- [Exercise]: Retype all data exactly as given. Pictures should not be retyped.

━━━ The data

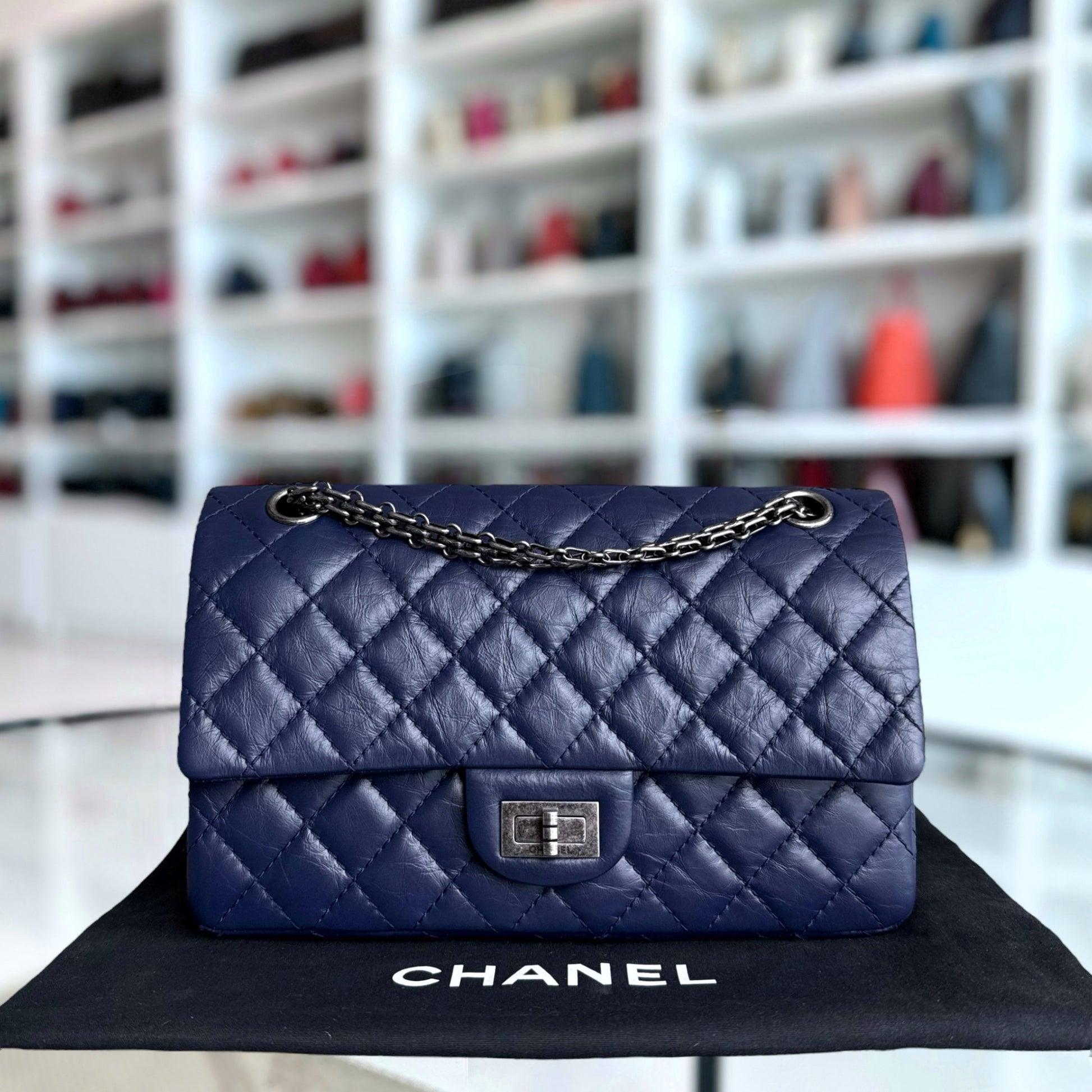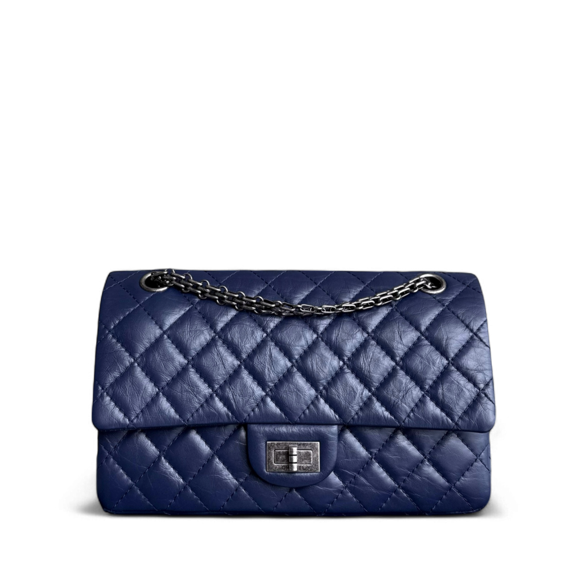 Chanel 2.55 Reissue 225 Small - 24CM Quilted Aged Calfskin Dark Blue Ruthenium Silver Hardware Series 21
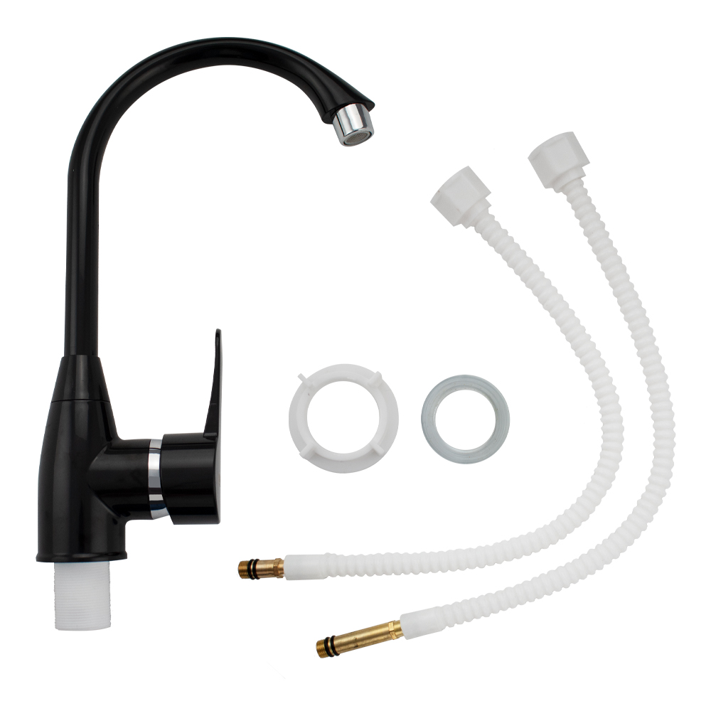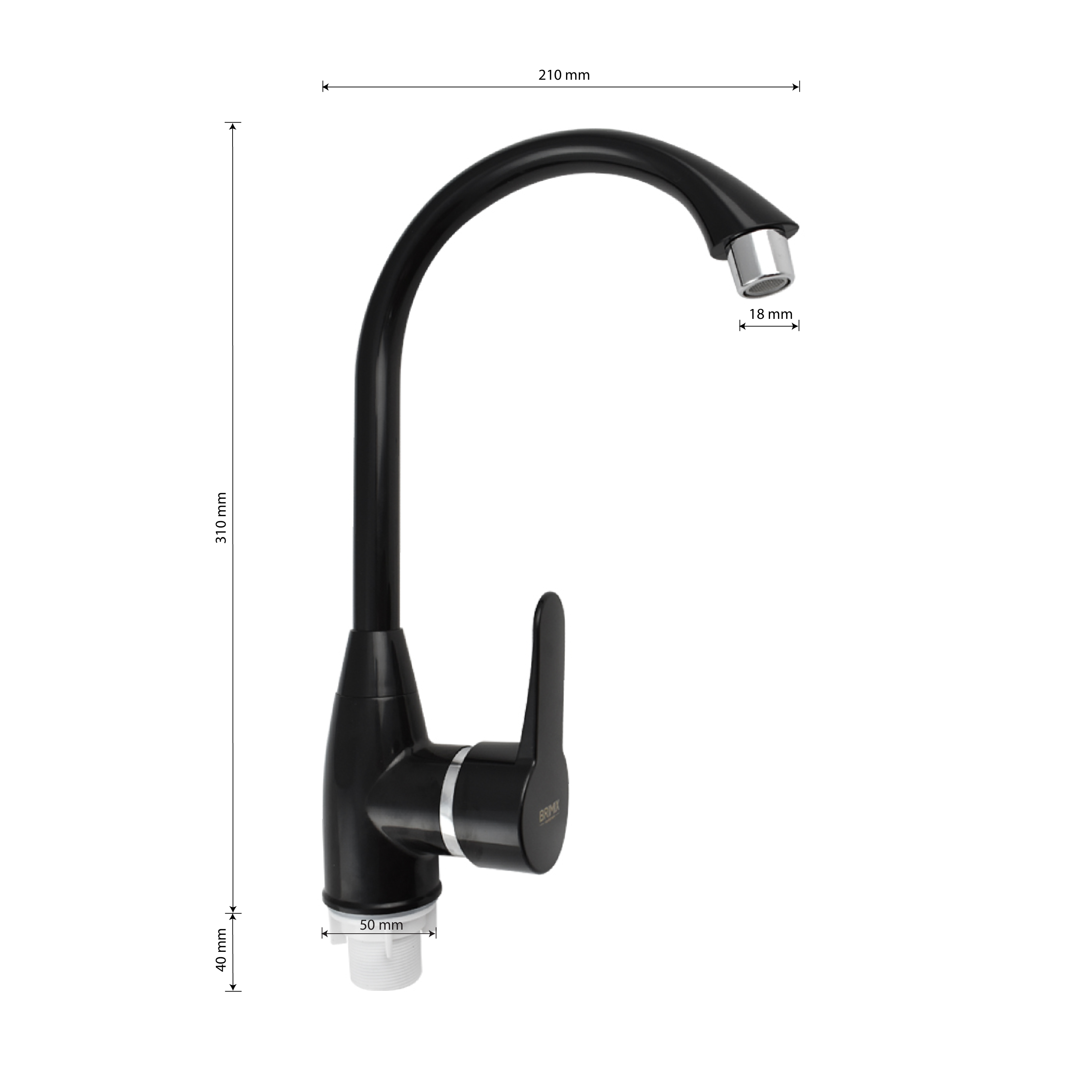 Смеситель для кухонной мойки и раковин, из высокопрочного пластика АБС, ЧЁРНЫЙ, боковой, с высоким С-образным изливом, шаровый. Крепление резьба - гайка, картридж d = 40 мм, литая ручка. Хромированный аэратор для экономии воды. Габаритные размеры: высота 310 мм, длина 210 мм, диаметр посадочного седла 50 мм, длина резьбы 40 мм, длина подводки 400 мм. Вес - 0,600 кг, объём - 0,00491 м3. В комплекте паспорт, корпус с изливом, пластиковая подводка с латунными штуцерами 1/2, крепеж, набор прокладок.
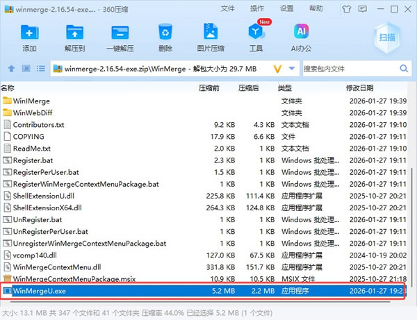如果你下载的是 ZIP 压缩包(如 winmerge-2.16.54-x64-exe.zip),安装更加简单:- 解压文件:使用 WinRAR、7-Zip 或 Windows 自带的解压功能,将 ZIP 文件解压到任意位置(如 D:\WinMerge)。

━━━━━━

- [Task output]:
 Chanel 2.55 Reissue 225 Small - 24CM Quilted Aged Calfskin Dark Blue Ruthenium Silver Hardware Series 21
 Смеситель для кухонной мойки и раковин, из высокопрочного пластика АБС, ЧЁРНЫЙ, боковой, с высоким С-образным изливом, шаровый. Крепление резьба - гайка, картридж d = 40 мм, литая ручка. Хромированный аэратор для экономии воды. Габаритные размеры: высота 310 мм, длина 210 мм, диаметр посадочного седла 50 мм, длина резьбы 40 мм, длина подводки 400 мм. Вес - 0,600 кг, объём - 0,00491 м3. В комплекте паспорт, корпус с изливом, пластиковая подводка с латунными штуцерами 1/2, крепеж, набор прокладок.
如果你下载的是 ZIP 压缩包(如 winmerge-2.16.54-x64-exe.zip),安装更加简单:- 解压文件:使用 WinRAR、7-Zip 或 Windows 自带的解压功能,将 ZIP 文件解压到任意位置(如 D:\WinMerge)。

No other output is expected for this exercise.